Employee Severance Package Under Fire

    A voluntary employee buyout program initiated by the UC Office of the President in an effort to reduce university spending recently became a subject of controversy, when a severance package amounting to $100,202 for a former UC administrator was approved by the UC Board of Regents.

    Linda Williams, after receiving a larger payout than any of the other 155 UCOP employees who had previously taken advantage of the Voluntary Severance Program, was hired on May 1 to work under UC Berkeley Chancellor Robert J. Birgeneau as associate chancellor for government, community and campus liaison.

    Though the Voluntary Separation Program requires participants who rejoin UCOP within a specified time period to return part or all of their severance packages, those who retain employment elsewhere in the UC system, like Williams, hold no such obligation.

    “I find it reprehensible that the UC administration continues to let these sweetheart deals go through,” state Sen. Leland Yee (D-San Francisco/San Mateo) said. “At the same time we are asking students to tighten their belts, the administrators can still live high on the hog.”

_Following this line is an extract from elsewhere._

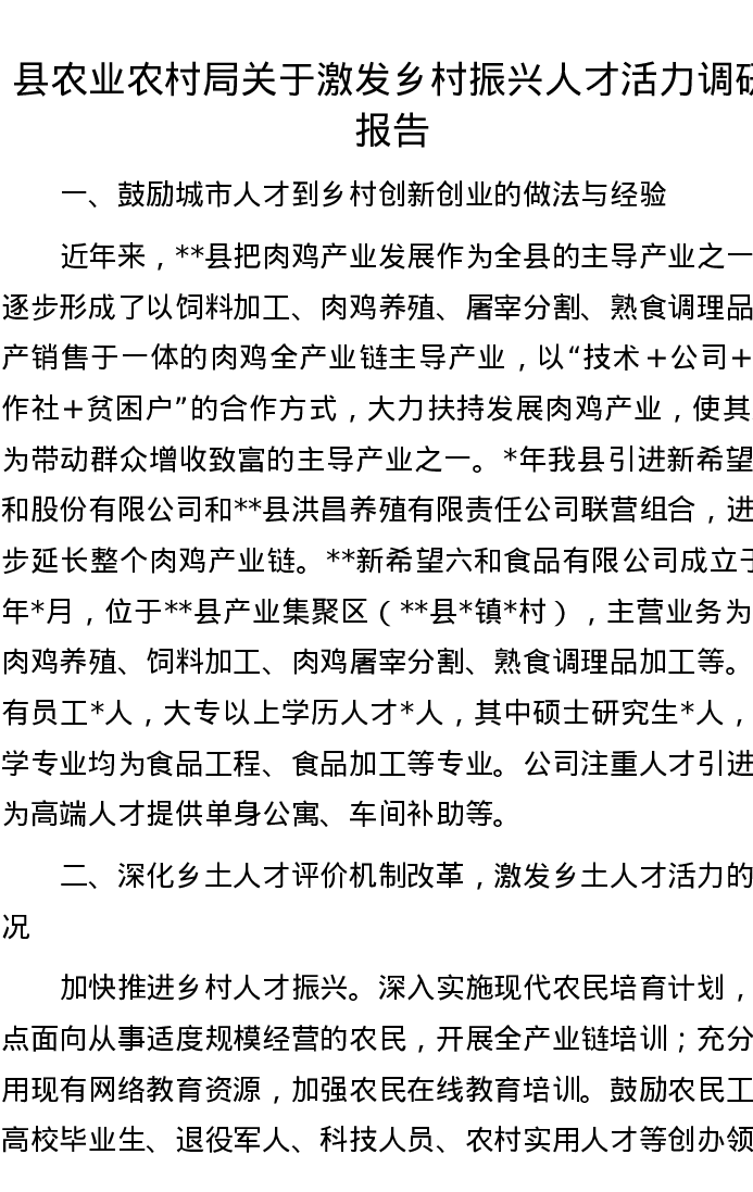 县农业农村局关于激发乡村振兴人才活力调研报告

    A formula taking into account each employee’s current salary and number of years at UCOP is used to determine the size of each particular buyout package. Hayward said Williams should not be subject to reprimand for the generous size of her severance package.

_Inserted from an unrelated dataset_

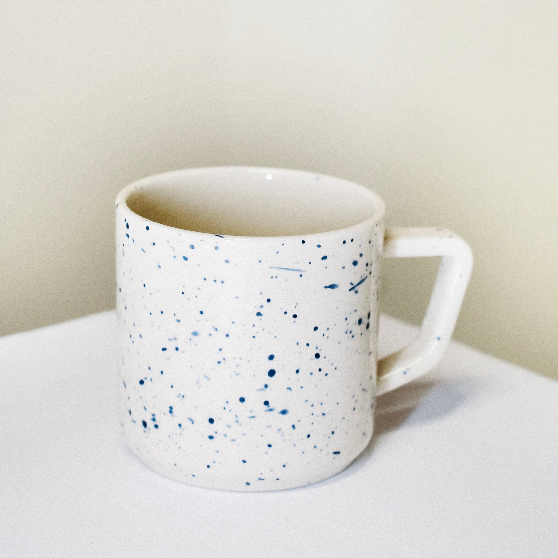 Hrnek ze světlé kameniny s modrým dekorem a transparentní lesklou glazurou.

    “Employees are in no way at fault for accepting an offer that we made them,” Hayward said. “The amount of the buyouts is far outweighed by the administrational savings that we have on an ongoing basis.”

    As campuses throughout the UC system debate raising undergraduate tuition and accepting fewer students in coming years in an effort to compensate for a troubling lack of state funding, many view buyouts like Williams’ as a double standard.

    “[The UC Board of Regents] should be a lot more sensitive to students when they approve these sweetheart contracts,” Yee said. “These kinds of severance packages are a slap in the face to our students. You wonder about what kind of role models the adults making these decisions want to be for our students.”

    The UCOP buyout program was initiated by the university a year ago in an effort to reduce the office’s expenditures by cutting back on labor, which included a limited number of layoffs, in addition to the voluntary departure of those in the program.

    “The Voluntary Separation Program, a one-time program which is now over, was a buyout program that essentially said to employees that if they would like to leave the University of California Office of the President, they could do this and receive a financial buyout for doing so,” UC spokesman Brad Hayward said.

    UCOP estimates that the Voluntary Separation Program has saved the university $5 million after one year, and that its total cost-reduction efforts will account for overall savings of $30 million.

    “There’s been a good deal of different consolidation of activities at UCOP,” Hayward said. “For example, we took the business processing unit of each department and centralized these operations into smaller units that serve the entire office.”

    Lee said further open discussion is needed to reduce controversy over buyout packages such as Williams’.
    “What should happen is a lot more deliberation about these particular contracts,” he said. “They happen in the dark of night and there’s no public conversation about it.”